Data to use:

——

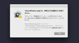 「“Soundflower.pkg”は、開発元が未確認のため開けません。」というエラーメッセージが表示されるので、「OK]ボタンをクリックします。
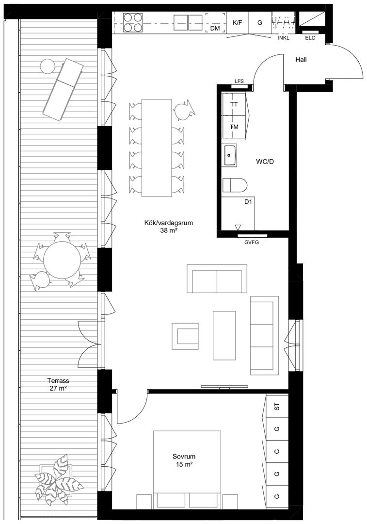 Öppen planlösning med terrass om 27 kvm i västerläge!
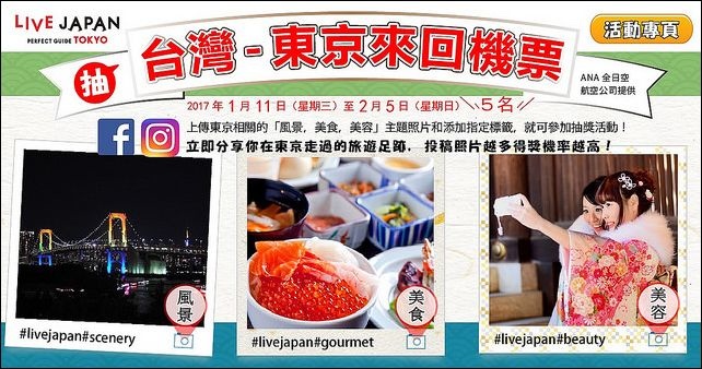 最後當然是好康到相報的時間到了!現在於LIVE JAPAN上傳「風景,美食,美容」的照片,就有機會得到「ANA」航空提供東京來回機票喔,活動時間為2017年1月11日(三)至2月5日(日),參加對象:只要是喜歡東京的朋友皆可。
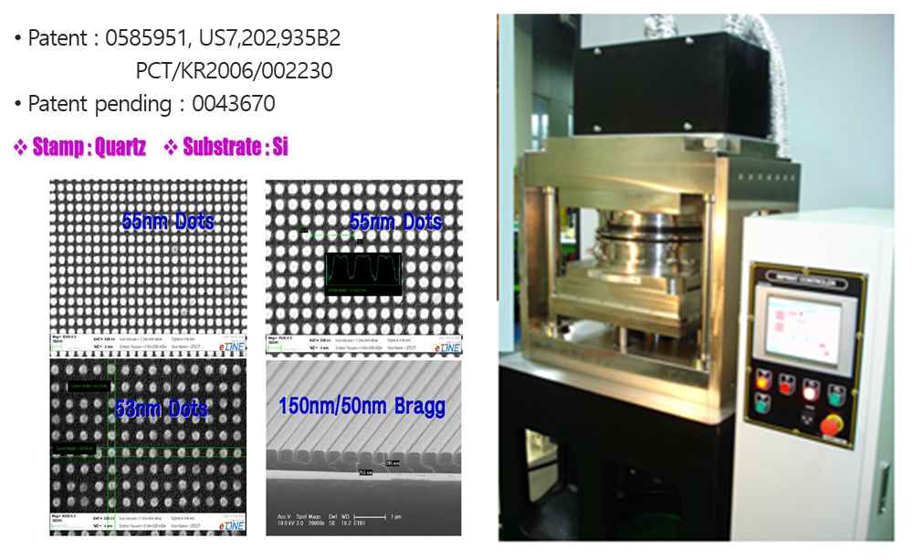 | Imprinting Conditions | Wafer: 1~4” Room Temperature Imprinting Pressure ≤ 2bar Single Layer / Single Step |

——

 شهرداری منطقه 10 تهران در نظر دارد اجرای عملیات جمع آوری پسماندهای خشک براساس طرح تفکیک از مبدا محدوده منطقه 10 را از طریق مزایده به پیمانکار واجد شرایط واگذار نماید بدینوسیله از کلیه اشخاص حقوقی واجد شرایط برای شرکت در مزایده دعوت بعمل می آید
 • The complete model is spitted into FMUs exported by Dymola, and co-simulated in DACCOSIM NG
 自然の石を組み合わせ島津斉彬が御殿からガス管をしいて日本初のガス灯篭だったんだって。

——

What to work on:
Starting at the line above with "Öppen planlösning med", output every line exactly up to and including the line with "Single Step |", but none of the pictures.

Problem solution:
 Öppen planlösning med terrass om 27 kvm i västerläge!
 最後當然是好康到相報的時間到了!現在於LIVE JAPAN上傳「風景,美食,美容」的照片,就有機會得到「ANA」航空提供東京來回機票喔,活動時間為2017年1月11日(三)至2月5日(日),參加對象:只要是喜歡東京的朋友皆可。
 | Imprinting Conditions | Wafer: 1~4” Room Temperature Imprinting Pressure ≤ 2bar Single Layer / Single Step |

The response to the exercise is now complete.